Input -
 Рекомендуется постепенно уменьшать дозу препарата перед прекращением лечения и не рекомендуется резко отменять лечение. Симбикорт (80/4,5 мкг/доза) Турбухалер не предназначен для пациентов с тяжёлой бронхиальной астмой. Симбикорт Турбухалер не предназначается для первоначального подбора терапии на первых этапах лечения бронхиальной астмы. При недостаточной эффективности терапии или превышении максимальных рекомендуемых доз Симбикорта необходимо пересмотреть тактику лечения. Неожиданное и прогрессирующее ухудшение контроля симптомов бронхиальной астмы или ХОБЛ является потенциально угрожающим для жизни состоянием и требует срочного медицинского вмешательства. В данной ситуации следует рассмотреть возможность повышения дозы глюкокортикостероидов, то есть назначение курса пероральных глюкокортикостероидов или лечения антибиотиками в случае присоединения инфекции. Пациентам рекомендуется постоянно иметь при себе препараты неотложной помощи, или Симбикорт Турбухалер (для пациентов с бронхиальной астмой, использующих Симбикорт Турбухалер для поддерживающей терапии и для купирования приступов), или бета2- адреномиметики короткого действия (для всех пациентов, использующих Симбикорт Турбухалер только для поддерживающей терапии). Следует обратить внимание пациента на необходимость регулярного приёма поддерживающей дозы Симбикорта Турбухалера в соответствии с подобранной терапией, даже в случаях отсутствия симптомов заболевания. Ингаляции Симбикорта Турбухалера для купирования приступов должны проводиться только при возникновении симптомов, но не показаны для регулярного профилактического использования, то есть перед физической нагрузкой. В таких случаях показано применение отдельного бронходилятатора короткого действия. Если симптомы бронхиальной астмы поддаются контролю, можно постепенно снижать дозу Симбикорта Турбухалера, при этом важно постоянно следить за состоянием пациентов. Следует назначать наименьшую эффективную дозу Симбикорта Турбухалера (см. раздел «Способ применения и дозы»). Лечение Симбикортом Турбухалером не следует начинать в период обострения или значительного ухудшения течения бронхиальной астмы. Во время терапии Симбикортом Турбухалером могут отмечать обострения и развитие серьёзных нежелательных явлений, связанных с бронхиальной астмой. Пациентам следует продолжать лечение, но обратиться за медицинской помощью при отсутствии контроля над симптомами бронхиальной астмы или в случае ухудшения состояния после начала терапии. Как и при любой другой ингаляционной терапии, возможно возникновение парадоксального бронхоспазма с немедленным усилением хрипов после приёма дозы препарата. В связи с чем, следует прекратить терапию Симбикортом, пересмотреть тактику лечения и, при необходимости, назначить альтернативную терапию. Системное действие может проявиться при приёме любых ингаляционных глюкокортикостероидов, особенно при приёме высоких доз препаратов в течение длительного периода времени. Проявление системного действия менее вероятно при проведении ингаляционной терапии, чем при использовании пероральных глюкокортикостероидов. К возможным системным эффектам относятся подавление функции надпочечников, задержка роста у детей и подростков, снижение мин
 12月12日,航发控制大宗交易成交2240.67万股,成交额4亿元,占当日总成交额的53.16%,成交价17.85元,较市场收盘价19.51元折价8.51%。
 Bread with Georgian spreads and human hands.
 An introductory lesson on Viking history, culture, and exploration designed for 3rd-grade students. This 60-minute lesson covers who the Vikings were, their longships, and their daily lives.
==
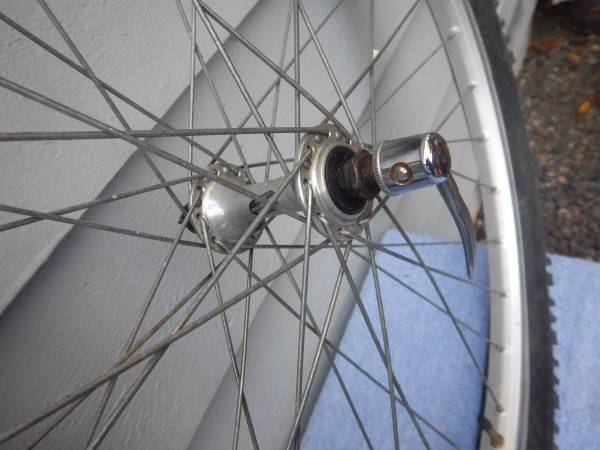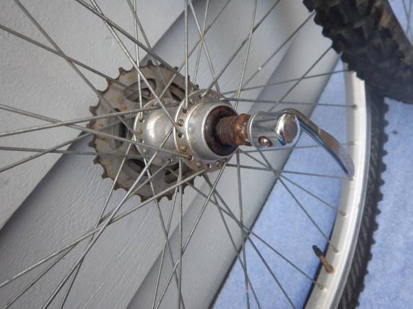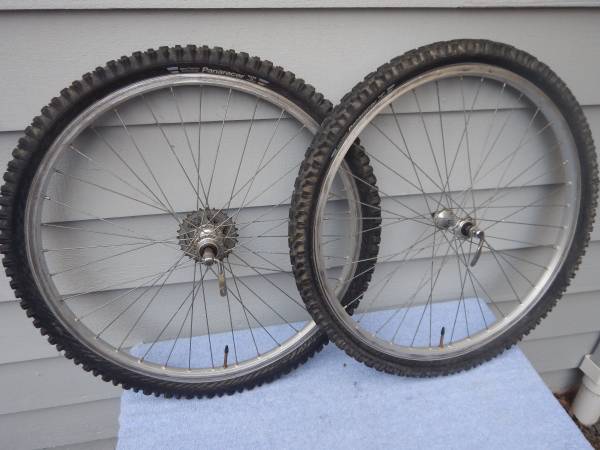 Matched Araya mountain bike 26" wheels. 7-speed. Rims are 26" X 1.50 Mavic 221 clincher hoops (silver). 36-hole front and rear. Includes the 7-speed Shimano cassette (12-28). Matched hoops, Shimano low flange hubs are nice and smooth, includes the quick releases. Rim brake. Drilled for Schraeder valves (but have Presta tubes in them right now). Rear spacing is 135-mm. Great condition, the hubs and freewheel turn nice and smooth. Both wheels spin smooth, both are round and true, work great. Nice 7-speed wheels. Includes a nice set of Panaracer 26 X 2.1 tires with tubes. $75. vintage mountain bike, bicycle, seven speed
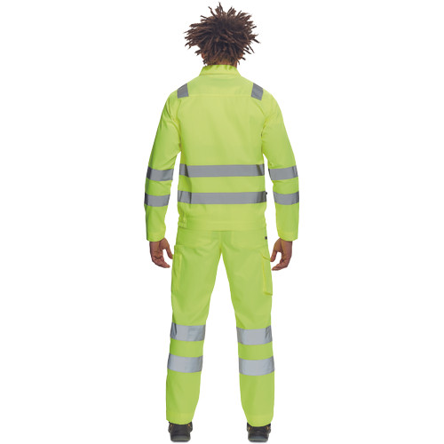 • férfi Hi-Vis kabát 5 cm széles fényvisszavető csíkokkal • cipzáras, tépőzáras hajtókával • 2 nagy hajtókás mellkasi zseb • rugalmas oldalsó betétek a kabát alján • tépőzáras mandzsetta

Activity - Using the records above, write out exactly the lines between the one holding "12月12日,航发控制大宗交" and the one holding "An introductory lesson", inclusive; leave everything else out.

Answer to this exercise -
 12月12日,航发控制大宗交易成交2240.67万股,成交额4亿元,占当日总成交额的53.16%,成交价17.85元,较市场收盘价19.51元折价8.51%。
 Bread with Georgian spreads and human hands.
 An introductory lesson on Viking history, culture, and exploration designed for 3rd-grade students. This 60-minute lesson covers who the Vikings were, their longships, and their daily lives.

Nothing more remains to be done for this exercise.